I guess it's not so much repeating myself as being like a voyeur. A cyber voyeur, if you will. And it can become all-consuming.
You see recently I got a hold of some photos of an old flame completely by chance. And not I am constantly salivating and scouring the Net trying to find more dirt and emailing and messaging mutual aquaintenances. Now one reason, is of course, because on paper my life sounds so much better than his.

Not married, okay fine, i'll give you that one. But I do have my own place that is cool and not a dump. I do have cute hair (that needs a little work, but on the whole it's looking cute when I put the effort in). I have this whole I'm a writer working on my first teen novel thing going.... It's really working for me!!

So now in a effort to combat my PerezHilton addiction, I've taken to scouring the World Wide Web to find my long lost companions and decide for myself if they are better or worse than when we were together. Is that terrible? I kind of think it is!! But that's the beauty of being a cyber voyeur.... No one knows you are watching them.....

Wednesday, August 8, 2007

How long is too long?

Time is tricky. Sometimes you call someone and you have nothing to say. But you call because you love them and it's time to call. Sometimes you call someone and you can't even get into it; you have too much to say: it's been too long. That person is no longer privy to all the fun little anecdotes you flavour all your relationships with. It takes too much effort. The petty small talk that must happen before you get to all the juicy bits. The what'd you do last nights and the what'd you have for lunches that you must endure before you can make the announcements and start all the fun girly laughing and dissecting that makes conversations so fun.

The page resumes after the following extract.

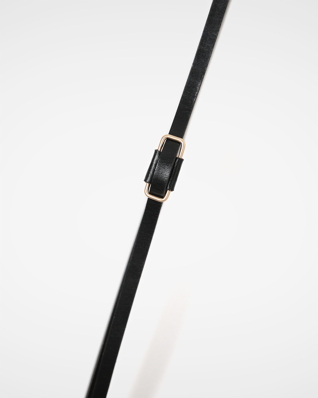 룩 전체를 무겁게 하지 않으면서도 은근하게 힘을 더해주는 아이템이에요. 허리선에 살짝 더해지는 얇은 스트랩 하나만으로 실루엣이 정제되어 보이고, 특별히 꾸미지 않아도 완성도가 다른 스타일링을 완성할 수 있습니다

Sometimes I wish i could just leave messages and set the scene and let the information be heard and we could laugh and gossip in our time about what had transpired. Or that I didn't have to say hello and how are you before I get to hear the latest gossip or spread the news I'm bursting to deliver.

Politeness is so overrated. Already the telephone plays second fiddle to email when it comes to making plans. Now I've started to receive (and I'll admit I begrudgingly partake in this activity sometimes as well, It is so DAMN convenient!) in the thinking of you e-cards and sweet I miss you text messages. If you were really thinking of someone, wouldn't you set aside time to go see them or at least call them.

Imagine if someone came and knocked at your door just to say they were thinking of you and wanted to see what was up. That would be weird. It's nice, I guess, but for the most part annoying and weird and awkward. Then you would have to let them in, feed them, excetra excetra.

Sometimes, I wish, I could just let people read my brain. Not all the time, mind you, I think that would be really uncomfortable for my hairdresser and other randoms, friends and family members that I come in contact with on a daily basis. But just sometimes, when you wanted them to. So you wouldn't just be saying I'm thinking of you, you would actually be doing it and have proof!!!

That would be cool.

Tuesday, August 7, 2007

DEBT!

okay, so may be this whole self-employed thing isn't really going as well as I expected at first. In my head, I imagined it all coffee shops and meetings and quality lap top time. In reality it is a lot of drinking dirty tap water and religiously reading perez hilton until 3 pm when I watch Amanada Bynes in What I Like About You.
Not really a bad life, really, except for one thing. I have no money! And I keep spending money I don't have. And I don't want to stop. And I won't! So what can I do? I guess I willhave to bite the bullet and get a real job. It was a great dream while it lasted!